Pharmacokinetics of melatonin in preterm infants

Aims - Preterm infants are deprived of the normal intra-uterine exposure to maternal melatonin and may benefit from replacement therapy. We conducted a pharmacokinetic study to guide potential therapeutic trials. Methods - Melatonin was administered to 18 preterm infants in doses ranging from 0.04–0.6 μg kg−1 over 0.5–6 h. Pharmacokinetic profiles were analyzed individually and by population methods. Results - Baseline melatonin was largely undetectable. Infants receiving melatonin at 0.1 μg kg−1 h−1 for 2 h showed a median half-life of 15.82 h and median maximum plasma concentration of 203.3 pg ml−1. On population pharmacokinetics, clearance was 0.045 l h−1, volume of distribution 1.098 l and elimination half-life 16.91 h with gender (P = 0.047) and race (P < 0.0001) as significant covariates.

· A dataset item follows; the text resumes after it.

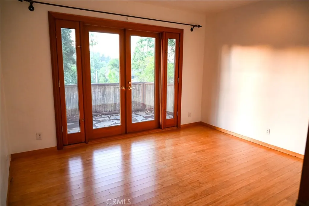 This gated, contemporary 3-bed, 2-bath home is located in a private cul-de-sac in the coveted Royal Woods neighborhood of Sherman Oaks. The turnkey home has been thoughtfully designed and meticulously maintained by its dedicated owner. The living and dining rooms feature a slate entryway and warm, hardwood floors complimented by an exposed, natural wood-beam ceiling, with integrated skylights, offering an abundance of natural light. Modern French doors throughout, offer more light and a seamless transition to the entertainers backyard; a tranquil retreat that hosts a dramatic, cascading waterfall, saltwater pool, and mature landscaping. The chefs kitchen, designed for functionality and style, has granite countertops, light-wood cabinetry, stainless appliances, recessed lighting, and a built-in wine rack. The adjoining breakfast nook features a unique built-in fireplace integrated into a large, concrete-finished wall. The primary bedroom suite offers a warm, inviting palette and transitions effortlessly to the poolside patio. The primary bath features granite countertops, a granite-wrapped tub, and an expansive, natural-stone walk-in shower. There is a second, well-appointed bathroom and two secondary bedrooms; both share a private patio, finished with a wooden-framed bamboo fence and flagstone pavers. The home also boasts a bonus room (office/gym), utility room, 2-car attached garage, a large car-port , extra storage room, and interlocking, paved driveway. Easy Westside access and proximity to top-rated private and public schools, local parks, the Sherman Oaks Galleria and

Conclusions - A 2 h infusion of 0.1 μg kg−1 h−1 increased blood melatonin from undetectable to approximately peak adult concentrations. Slow clearance makes replacement of a typical maternal circadian rhythm problematic. The pharmacokinetic profile of melatonin in preterm infants differs from that of adults so dosage of melatonin for preterm infants cannot be extrapolated from adult studies. Data from this study can be used to guide therapeutic clinical trials of melatonin in preterm infants.